● **EXERCISE**: Among the entries that follow, locate the line with "厚生労働省の調査によれば、新卒社員の3割以上が、3年以内に離職しています。" and the line with "color rgb(x, y)". Output those lines and all lines in between, exactly, minus the pictures.

● **DATASET ENTRIES**:
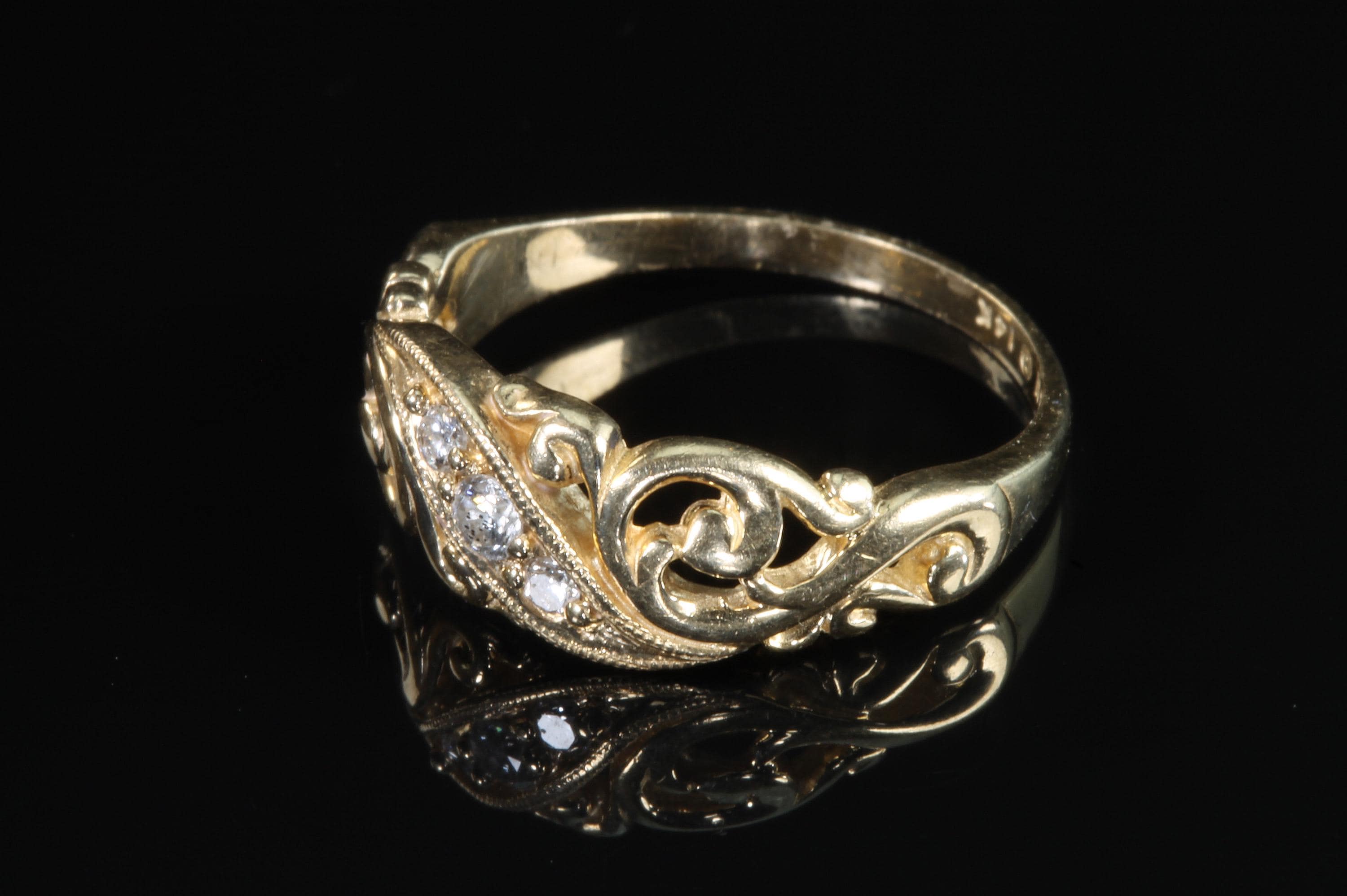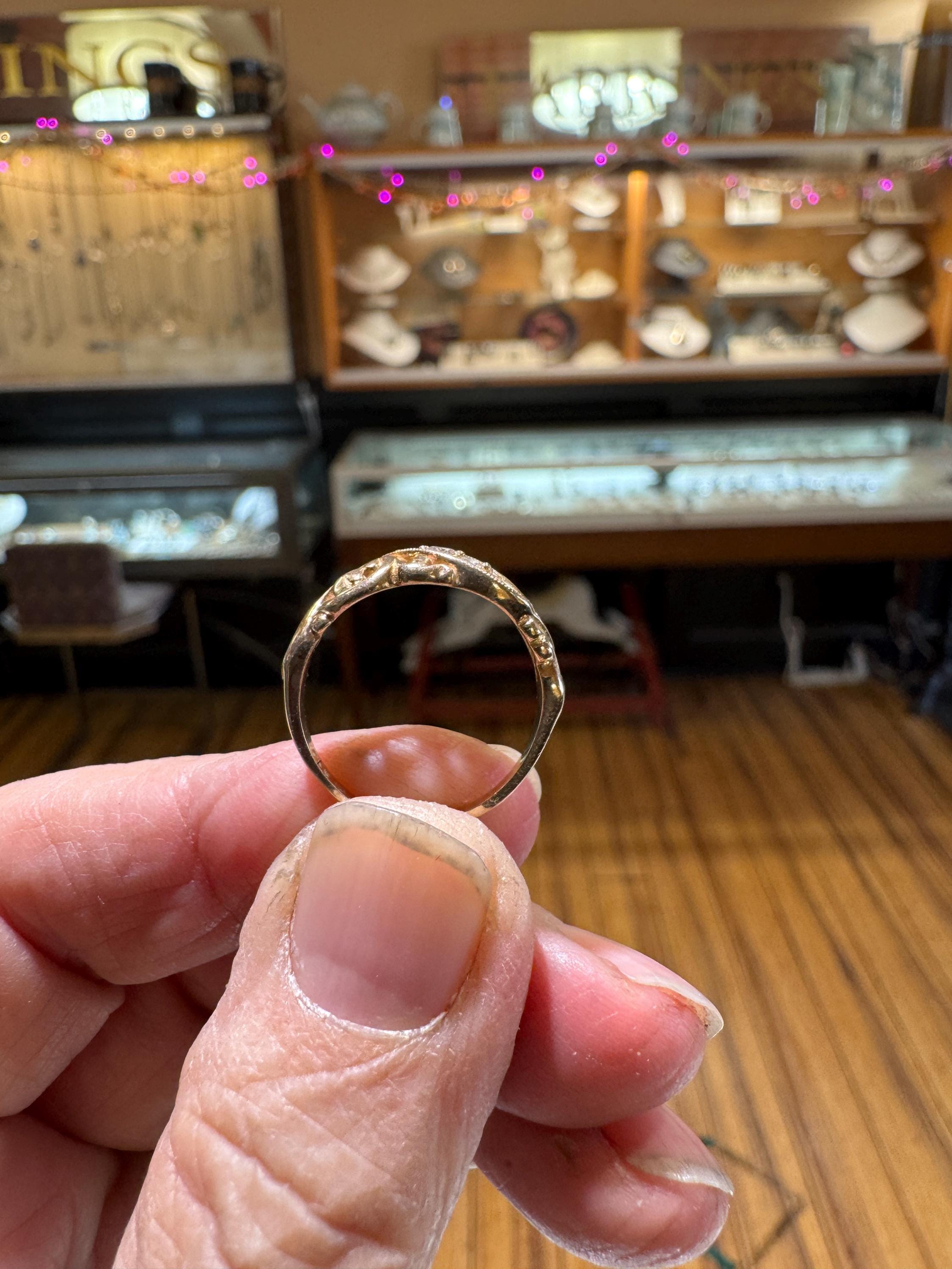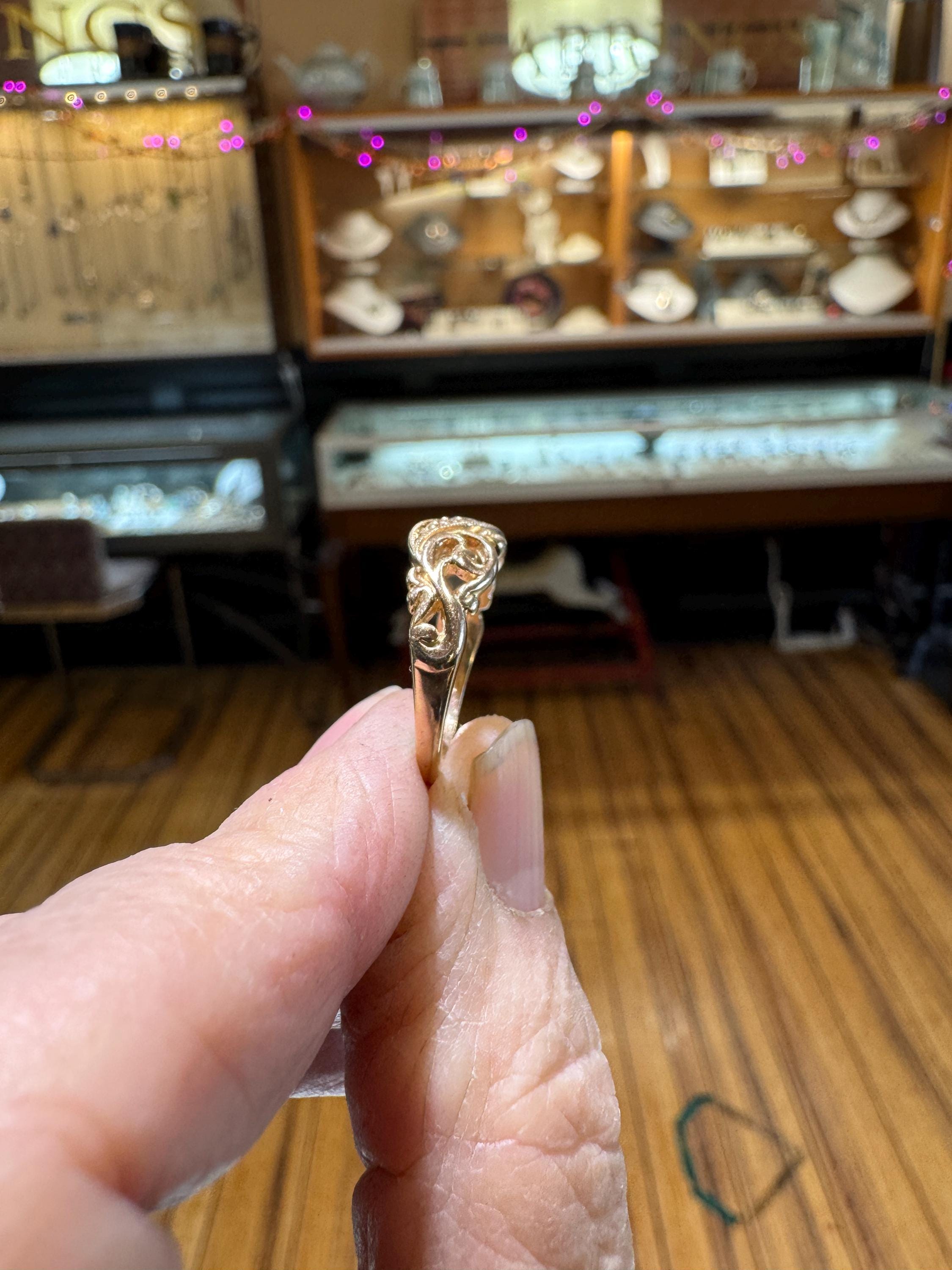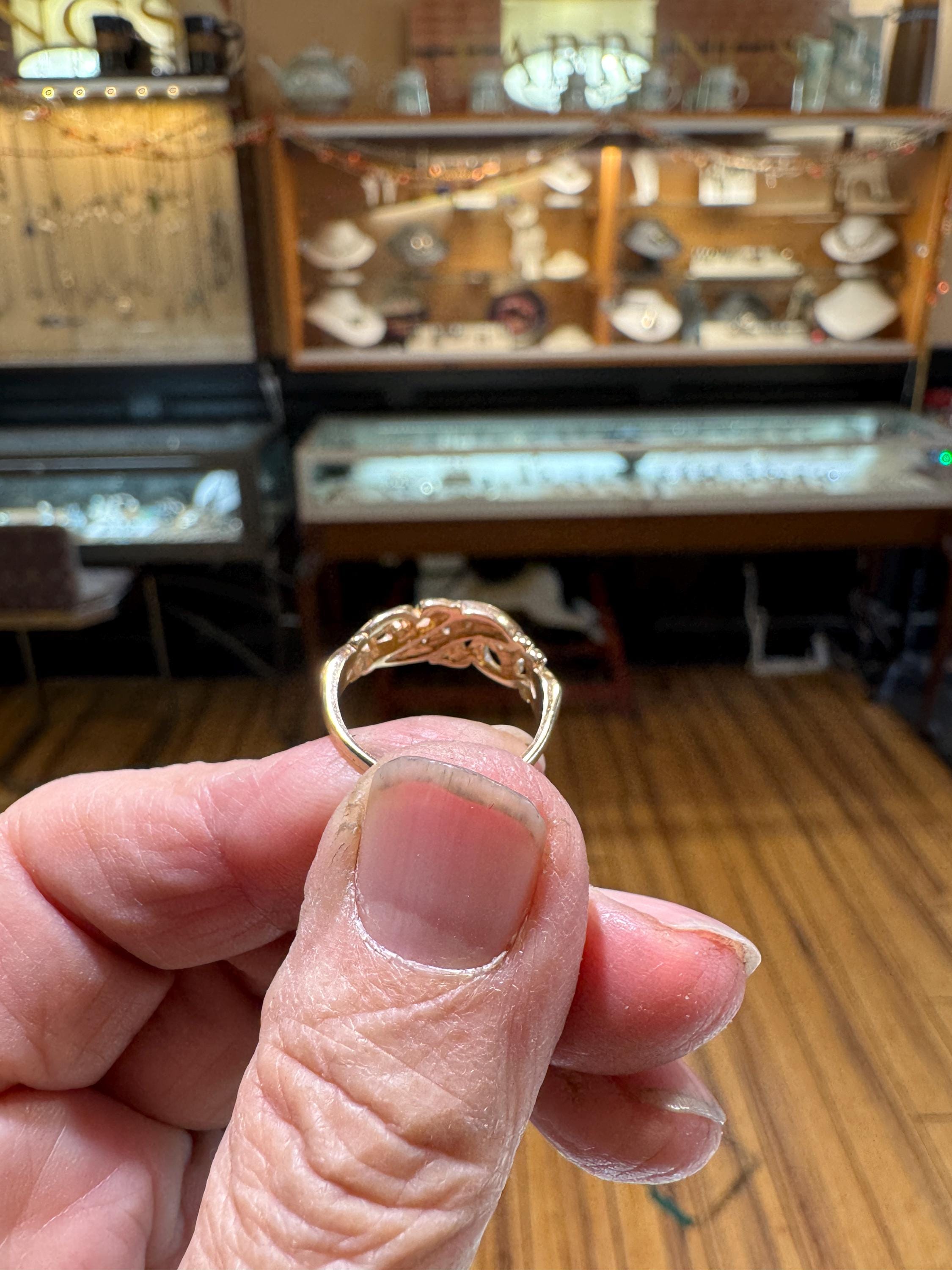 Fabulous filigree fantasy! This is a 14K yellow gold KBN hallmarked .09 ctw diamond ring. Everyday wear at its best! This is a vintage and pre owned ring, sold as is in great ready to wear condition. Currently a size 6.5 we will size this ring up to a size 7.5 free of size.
==
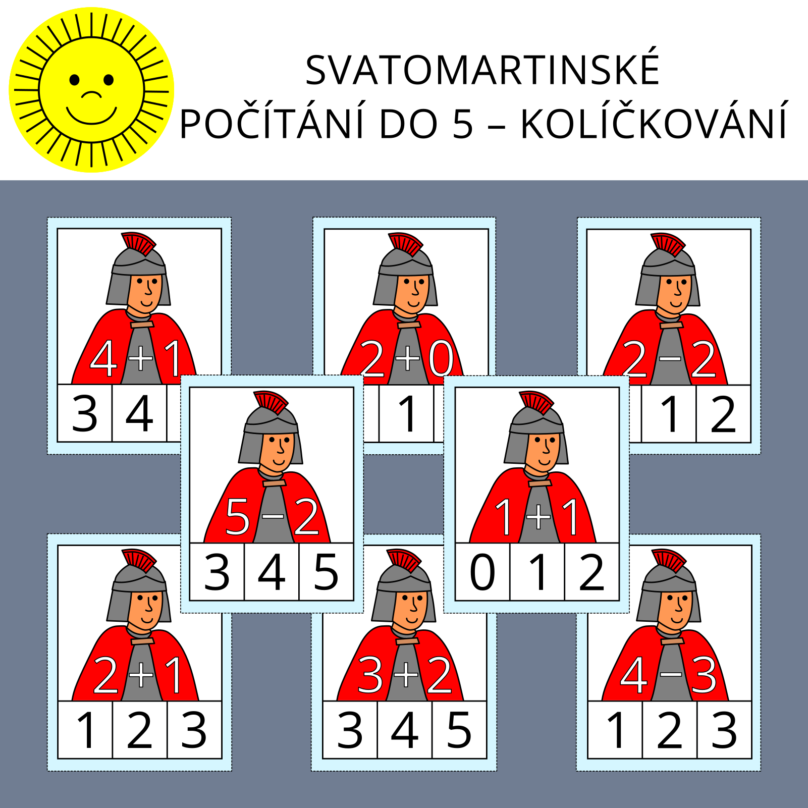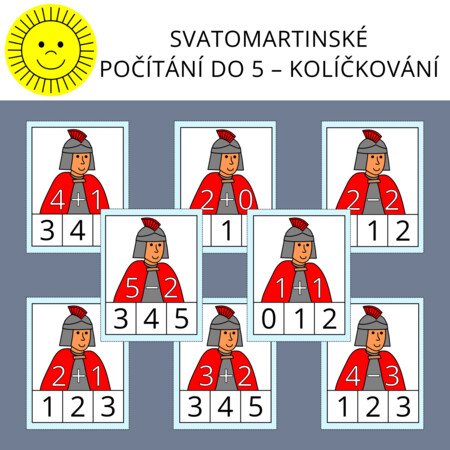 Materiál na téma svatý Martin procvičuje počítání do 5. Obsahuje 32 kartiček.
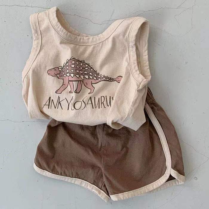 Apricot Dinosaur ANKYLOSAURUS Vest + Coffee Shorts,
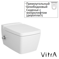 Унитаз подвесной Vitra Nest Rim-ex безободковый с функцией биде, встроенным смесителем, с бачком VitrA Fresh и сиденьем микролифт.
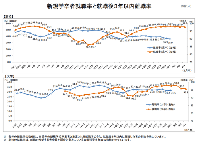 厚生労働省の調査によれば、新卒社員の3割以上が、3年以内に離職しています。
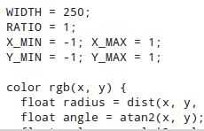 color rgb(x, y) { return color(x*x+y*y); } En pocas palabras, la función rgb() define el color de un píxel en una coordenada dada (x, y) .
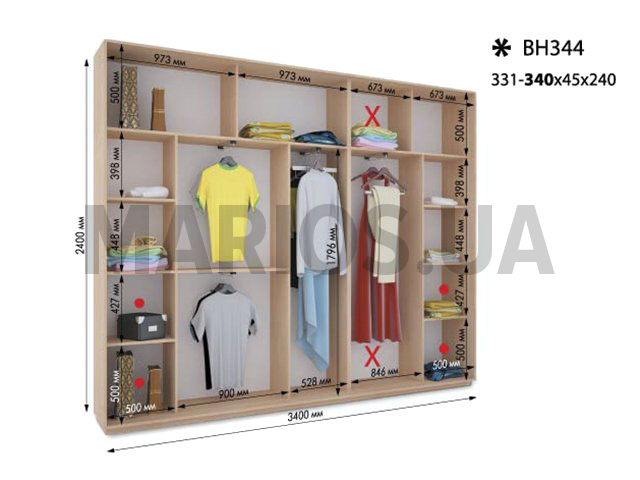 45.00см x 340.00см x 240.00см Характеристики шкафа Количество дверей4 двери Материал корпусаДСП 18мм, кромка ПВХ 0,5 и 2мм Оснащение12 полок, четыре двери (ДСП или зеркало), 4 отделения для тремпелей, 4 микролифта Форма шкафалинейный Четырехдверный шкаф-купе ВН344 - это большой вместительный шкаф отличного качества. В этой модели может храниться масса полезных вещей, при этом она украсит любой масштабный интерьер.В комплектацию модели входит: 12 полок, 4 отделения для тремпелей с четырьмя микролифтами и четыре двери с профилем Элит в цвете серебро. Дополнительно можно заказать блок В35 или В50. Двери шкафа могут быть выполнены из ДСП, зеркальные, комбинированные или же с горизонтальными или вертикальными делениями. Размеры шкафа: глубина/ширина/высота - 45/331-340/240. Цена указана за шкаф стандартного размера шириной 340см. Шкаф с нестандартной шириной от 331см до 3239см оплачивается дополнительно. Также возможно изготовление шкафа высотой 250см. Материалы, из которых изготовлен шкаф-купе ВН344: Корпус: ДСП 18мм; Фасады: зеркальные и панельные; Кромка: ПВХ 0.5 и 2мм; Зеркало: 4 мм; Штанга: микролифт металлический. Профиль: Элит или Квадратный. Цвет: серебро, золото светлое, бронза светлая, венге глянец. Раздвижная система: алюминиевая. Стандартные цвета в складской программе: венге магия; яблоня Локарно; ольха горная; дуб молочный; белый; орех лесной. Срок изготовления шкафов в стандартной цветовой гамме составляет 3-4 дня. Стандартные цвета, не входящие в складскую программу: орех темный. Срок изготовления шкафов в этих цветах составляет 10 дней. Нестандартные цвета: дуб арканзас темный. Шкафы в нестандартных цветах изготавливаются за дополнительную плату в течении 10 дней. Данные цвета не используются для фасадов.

● **WORKED SOLUTION**:
 厚生労働省の調査によれば、新卒社員の3割以上が、3年以内に離職しています。
 color rgb(x, y) { return color(x*x+y*y); } En pocas palabras, la función rgb() define el color de un píxel en una coordenada dada (x, y) .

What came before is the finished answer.